Это продиктовано одним из неписаных правил соцреализма. Все должно быть монументально, как мухинские "рабочий и колхозница" на ВДНХ. Бетонные штаны и столь же удобная юбка — символы бесчеловечной "героики", той барабанной фальши, что выросла из зерна, брошенного Горьким: "Человек — это звучит гордо".
Гордыня казённого героя, советского простого сверхчеловека, которому, как известно, «нет преград ни в море, ни на суше» поощрялась официальной критикой до самого конца советской власти. Этому псевдоницшеанству на кумачёвом фоне противостоит в стихах Глеба Горбовского обычный человек.
Не маленький человечек, с трудом находящий лаз из гоголевской шинели, но и не гигант, а вот такой, обыкновенный…
Он добр и грешен, он говорит, не повышая голоса и — странно! — его слышно сквозь барабаны и хоровое пенье маршей всяческих энтузиастов.
Вот так и услышали в конце пятидесятых годов мягкий, без надрыва, голос Глеба Горбовского.
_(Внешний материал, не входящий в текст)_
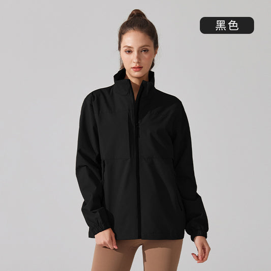 03/2025 Standing collar zipper yoga dress women's coat windproof slim warm top sports running coat 7755

Услышали не только те, кто стосковался по живой, не железобетонной душе, но и те, кто поводит, как радарами, цементно-монументными ушами, оберегая бывший «новый мир» от людских голосов…
Внимание — даже очень пристальное тогда внимание — со стороны этих поклонников монолитности очень удивило поэта, и написал он вот такие стихи:
Я тихий карлик из дупла,
лесовичок ночной.
Я никому не сделал зла,
но недовольны мной.
Я пью росу, грызу орех,
зеваю на луну.
И все же очень страшный грех
вменяют мне в вину.
Порой пою, и голос мой
не громче пенья трав.
Но часто мне грозит иной,
кричит, что я неправ!
Скрываюсь я в своем дупле,
и, в чем моя вина,
никто не знает на земле,
ни бог, ни сатана.
В чём же вина этого безобидного лесовичка? Оказывается, что вина его перед хозяевами идеологии огромна! Пользуясь церковным выражением, скажем, что он не менее чем ЕРЕТИК! А для любой идеологии и для любой религии, включая коммунистическую, любой еретик «опаснее врага».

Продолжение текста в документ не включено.